(Records excerpted from a collection)
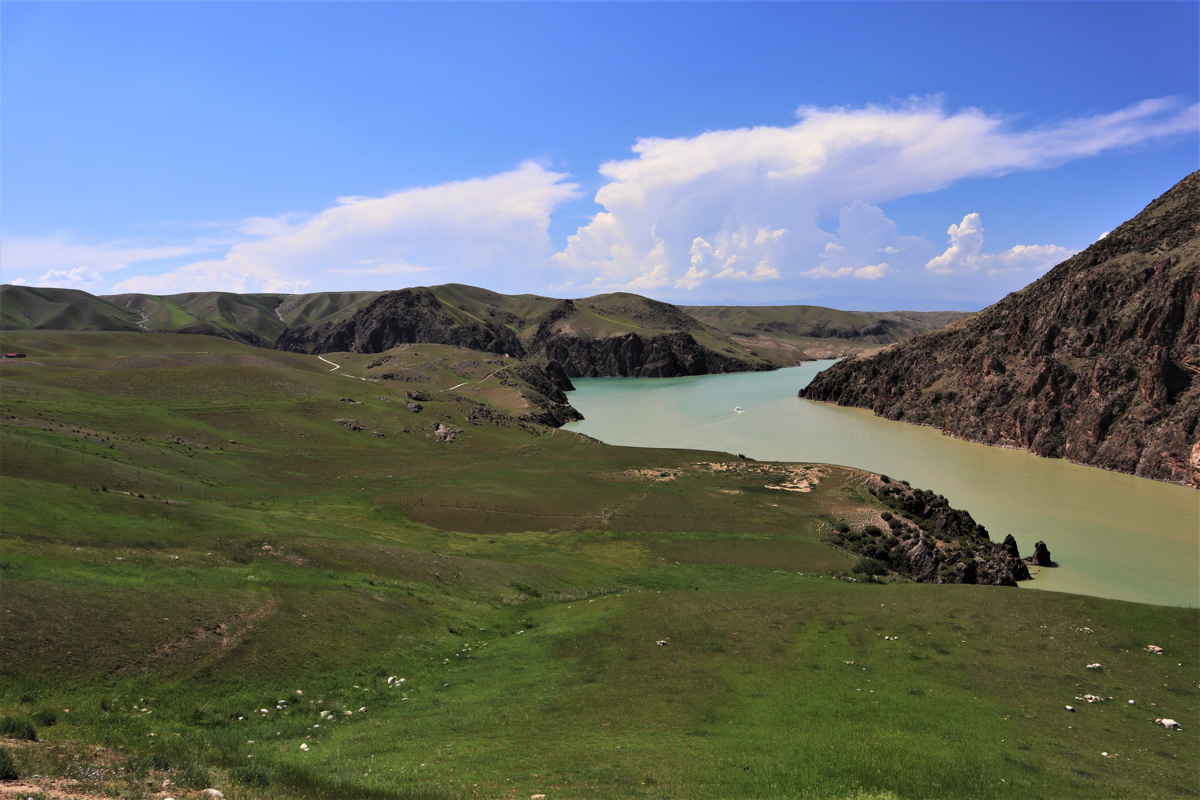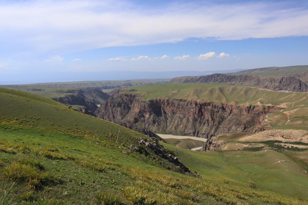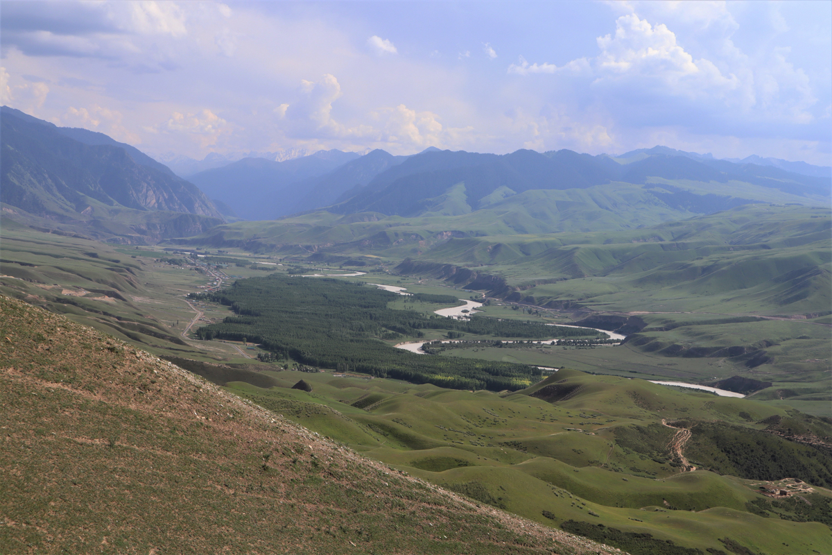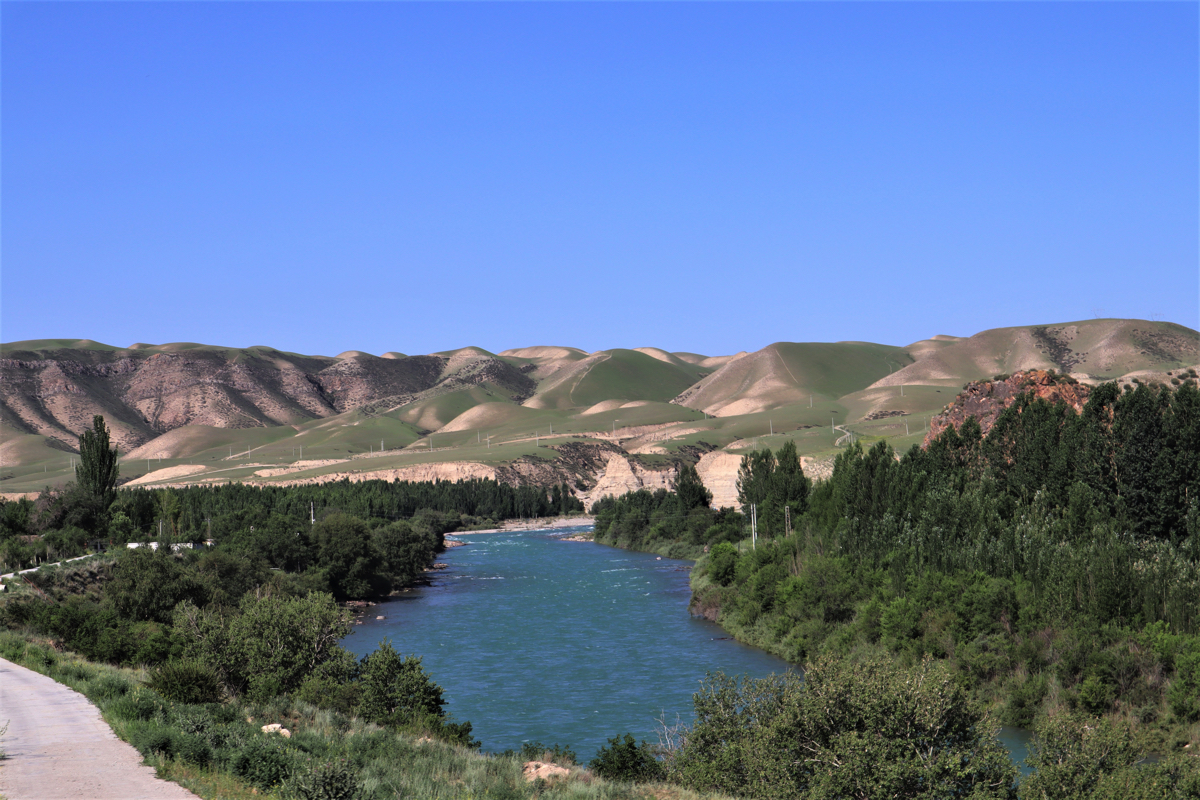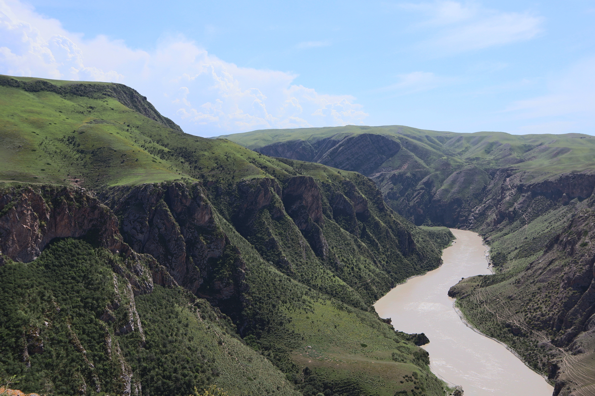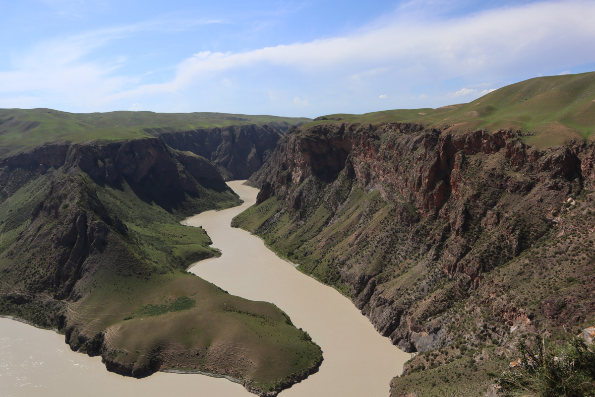 新疆の伊犁八卦城徳克斯県の八卦(パクア、はっけ)城から15㎞のところに喀拉峻(カラジュン)と濶克蘇(コクソ)がある。濶克蘇は喀拉峻草原に隣接し、中天山から流れる水が谷を刻みつくられた雄大な峡谷である。峡谷の最も深い谷は谷底からの高さが360mあり喀拉峻大草原の大地を曲がりくねりながら絶景の深い谷が続く。夏には天山の雪が解け炭酸カルシュウムを含む地層を削り濶克蘇河の水が乳白色に変わる。濶克蘇大峡谷を象徴する風景は鰐湾と呼ぶ濶克蘇河が360度、逆向きに流れを変えるところにせり出した鰐のような姿の山と川の風景である。まるで鰐(ワニ)が水を飲んでいるような姿なので鰐湾と呼ばれている。大峡谷が緑の大地を縫いクネクネと乳白色の水がながれる様はまるで大蛇が草原を行くようでもある。濶克蘇に「九曲十八湾」と呼ばれるところがある。南北5.6㎞、東西2㎞の谷を何度も曲がりながら天山からの雪解け水が流れている。五色の花が咲く波打つ大草原と濶克蘇河の大峡谷、乳白色の水のながれ、見事なまでの自然の造形である。
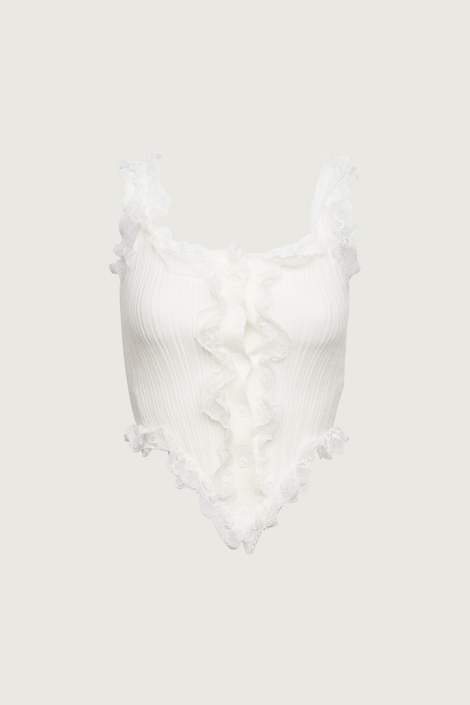 This rib-knit tank top is made in a comfortable, body-hugging fit and features a button front design and is finished with lace trims along the front, neckline and hem to highlight the corset inspired silhouette.
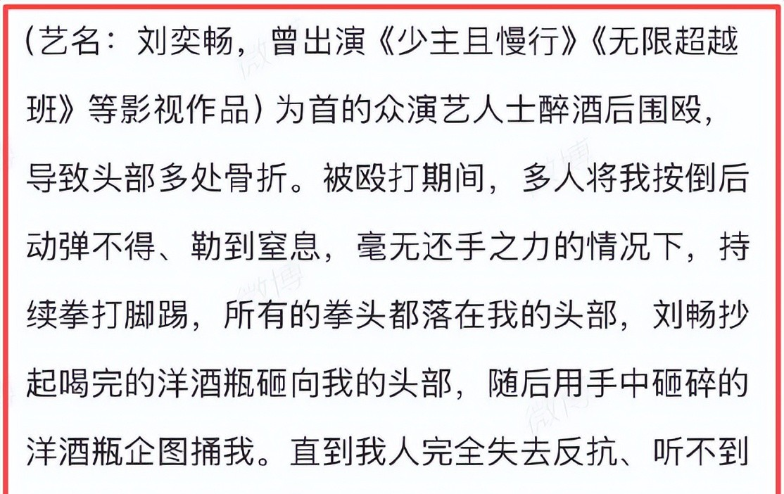 更甚至,刘奕畅不但用洋酒瓶砸到他头上,甚至想用碎掉的酒瓶子捅他。
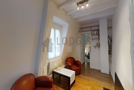 Este apartamento está formado por un salón con parquet en el suelo y ventanas doble acristalamiento. Este salón muy tanquilo está amueblado y equipado para que su estancia sea agradable : televisor, 2 sillones, mesita, viga, tv stand.
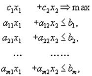 Найти такие неотрицательные значения х1 , х2 , ..., хn , которые удовлетворяют системе ограничений (1.2) и доставляют линейной функции (1.1) минимальное значение.
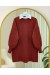 Yuvarlak Yaka Yarasa Kol Beli Lastikli Etekli Oyşo Takım -Bordo
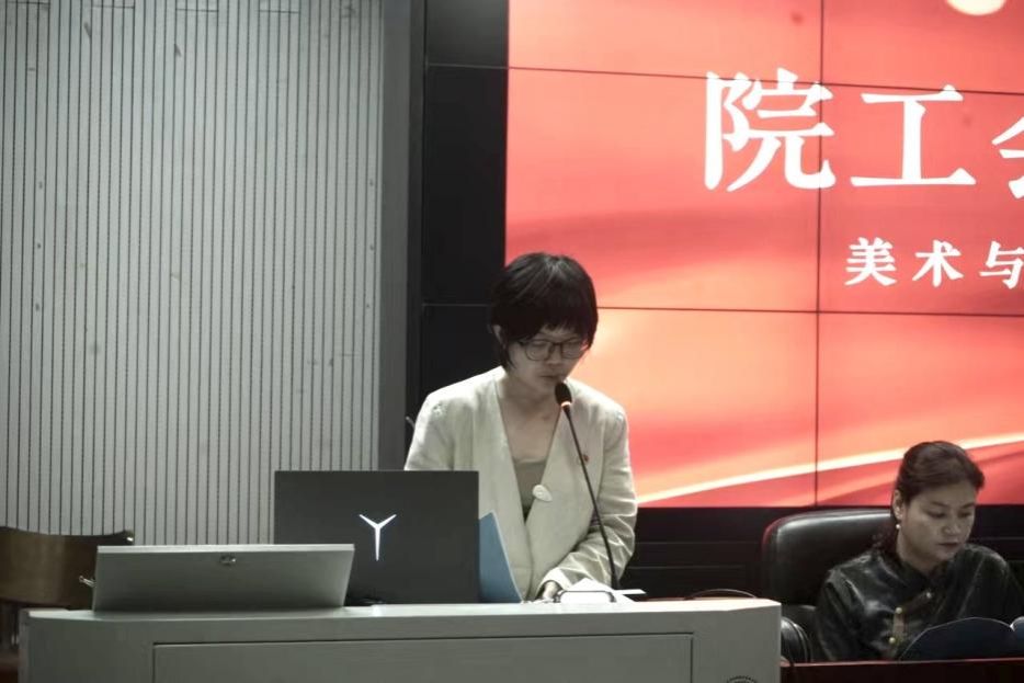 副院长童玲向大会解读了《美术与设计学院绩效工资二次分配办法》(初稿)。
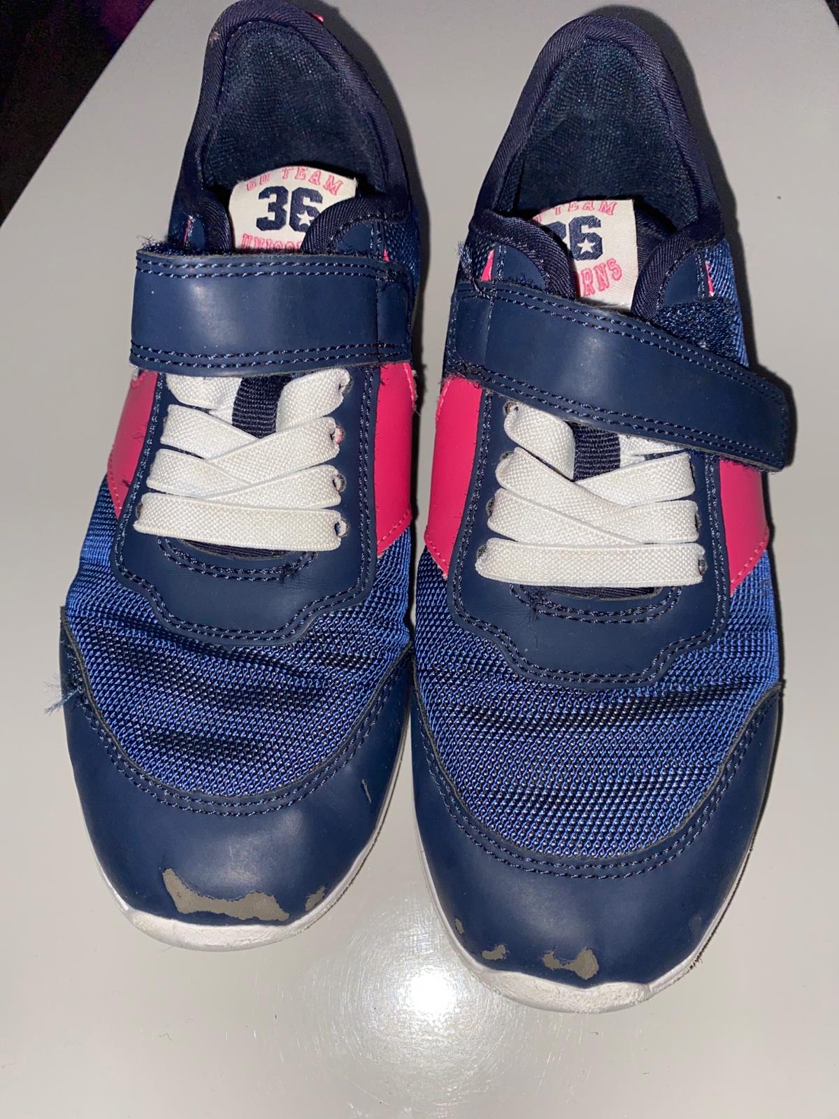Prodám tenisky nošené jen na tělocvik a trampolínky, ještě pěkný stav , jen ty modré na špičkách odřené od trampolíny
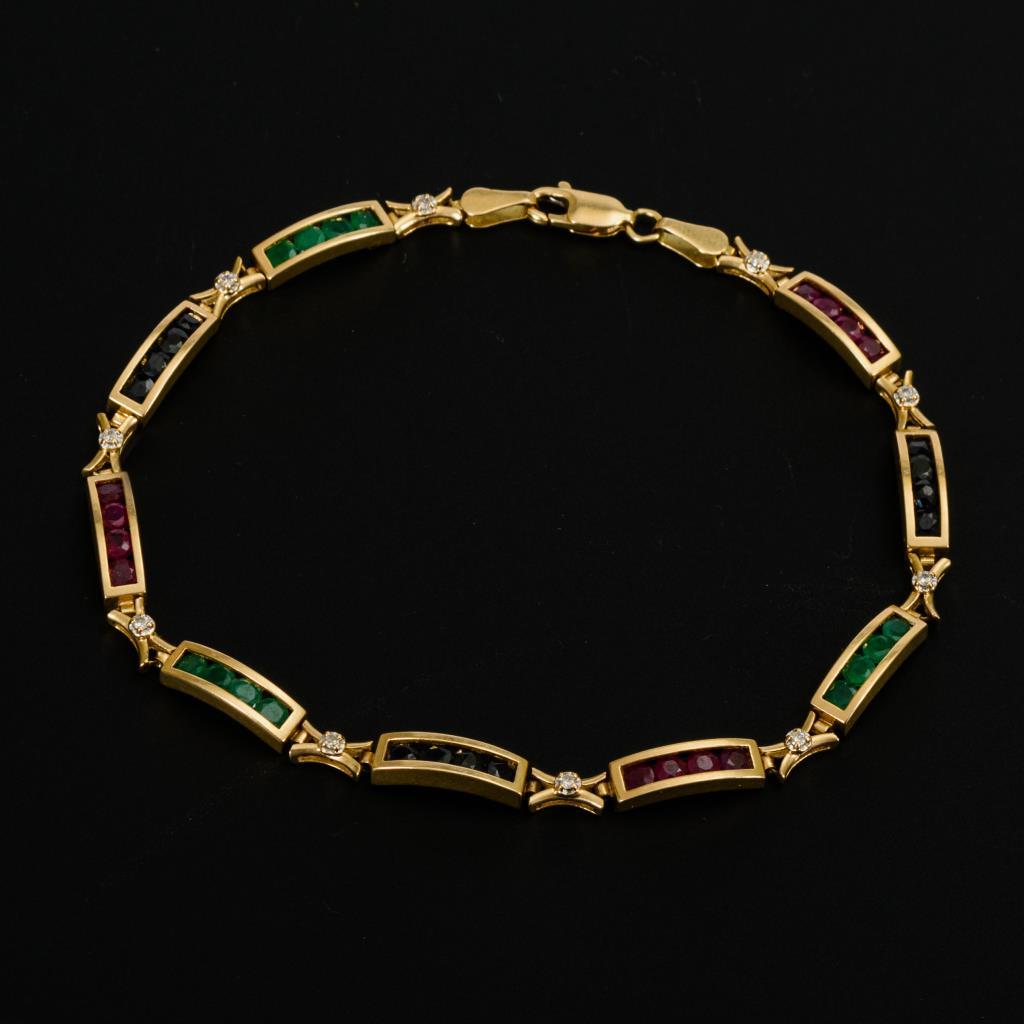Rahmenglieder mit insgesamt 12 Rubinen, Saphiren und Smaragden. Zwischenglieder mit je 1 Kleinstdiamant. Karabinerschloss .
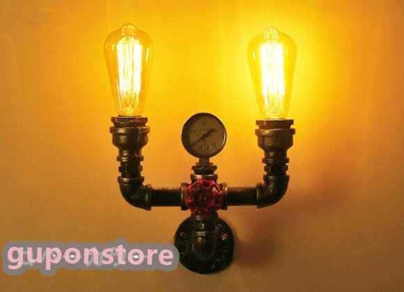 2色選択可 壁掛け照明 ブラケットライト ブラケット  男前 水道管 照明 2灯 レトロ風 玄関灯 壁取
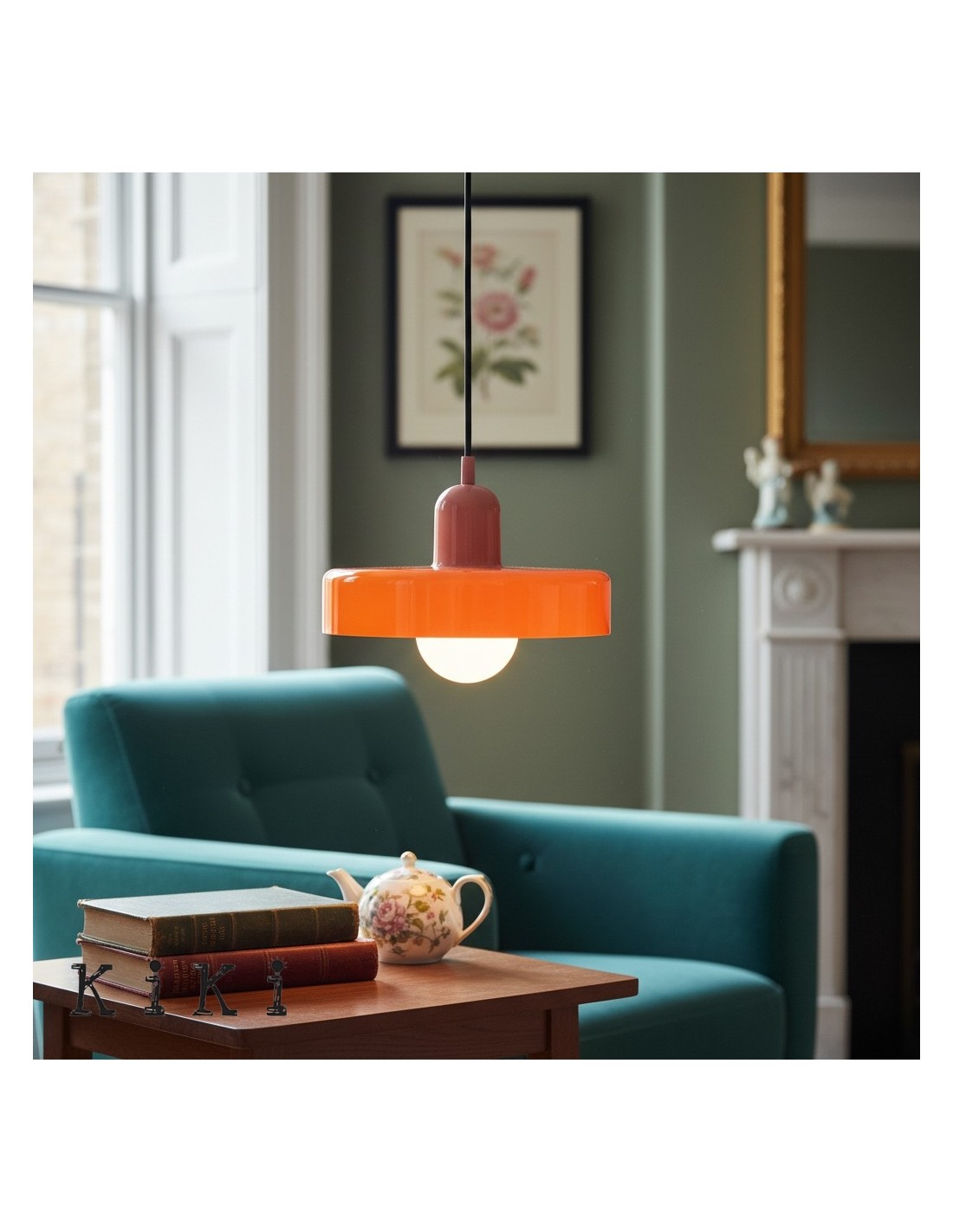 Ha una varietà di colori tra cui scegliere, che possono soddisfare le tue esigenze di decorazione per diversi spazi. Quando è accesa, la Glass Disc Pendant Light emette un bagliore caldo e invitante. La luce morbida e delicata crea un'atmosfera accogliente e confortevole, rendendola ideale per il relax, la cena o il lavoro concentrato. Oltre ai suoi aspetti funzionali, questa Disc Glass Orb Pendant Light trasuda eleganza e funge da accento perfetto per camere da letto, sale da pranzo, isole della cucina o uffici.

§ **Problem to solve**
Restate each entry word for word; omit the pictures.

§ **Reply to the task**
 新疆の伊犁八卦城徳克斯県の八卦(パクア、はっけ)城から15㎞のところに喀拉峻(カラジュン)と濶克蘇(コクソ)がある。濶克蘇は喀拉峻草原に隣接し、中天山から流れる水が谷を刻みつくられた雄大な峡谷である。峡谷の最も深い谷は谷底からの高さが360mあり喀拉峻大草原の大地を曲がりくねりながら絶景の深い谷が続く。夏には天山の雪が解け炭酸カルシュウムを含む地層を削り濶克蘇河の水が乳白色に変わる。濶克蘇大峡谷を象徴する風景は鰐湾と呼ぶ濶克蘇河が360度、逆向きに流れを変えるところにせり出した鰐のような姿の山と川の風景である。まるで鰐(ワニ)が水を飲んでいるような姿なので鰐湾と呼ばれている。大峡谷が緑の大地を縫いクネクネと乳白色の水がながれる様はまるで大蛇が草原を行くようでもある。濶克蘇に「九曲十八湾」と呼ばれるところがある。南北5.6㎞、東西2㎞の谷を何度も曲がりながら天山からの雪解け水が流れている。五色の花が咲く波打つ大草原と濶克蘇河の大峡谷、乳白色の水のながれ、見事なまでの自然の造形である。
 This rib-knit tank top is made in a comfortable, body-hugging fit and features a button front design and is finished with lace trims along the front, neckline and hem to highlight the corset inspired silhouette.
 更甚至,刘奕畅不但用洋酒瓶砸到他头上,甚至想用碎掉的酒瓶子捅他。
 Este apartamento está formado por un salón con parquet en el suelo y ventanas doble acristalamiento. Este salón muy tanquilo está amueblado y equipado para que su estancia sea agradable : televisor, 2 sillones, mesita, viga, tv stand.
 Найти такие неотрицательные значения х1 , х2 , ..., хn , которые удовлетворяют системе ограничений (1.2) и доставляют линейной функции (1.1) минимальное значение.
 Yuvarlak Yaka Yarasa Kol Beli Lastikli Etekli Oyşo Takım -Bordo
 副院长童玲向大会解读了《美术与设计学院绩效工资二次分配办法》(初稿)。
Prodám tenisky nošené jen na tělocvik a trampolínky, ještě pěkný stav , jen ty modré na špičkách odřené od trampolíny
Rahmenglieder mit insgesamt 12 Rubinen, Saphiren und Smaragden. Zwischenglieder mit je 1 Kleinstdiamant. Karabinerschloss .
 2色選択可 壁掛け照明 ブラケットライト ブラケット  男前 水道管 照明 2灯 レトロ風 玄関灯 壁取
 Ha una varietà di colori tra cui scegliere, che possono soddisfare le tue esigenze di decorazione per diversi spazi. Quando è accesa, la Glass Disc Pendant Light emette un bagliore caldo e invitante. La luce morbida e delicata crea un'atmosfera accogliente e confortevole, rendendola ideale per il relax, la cena o il lavoro concentrato. Oltre ai suoi aspetti funzionali, questa Disc Glass Orb Pendant Light trasuda eleganza e funge da accento perfetto per camere da letto, sale da pranzo, isole della cucina o uffici.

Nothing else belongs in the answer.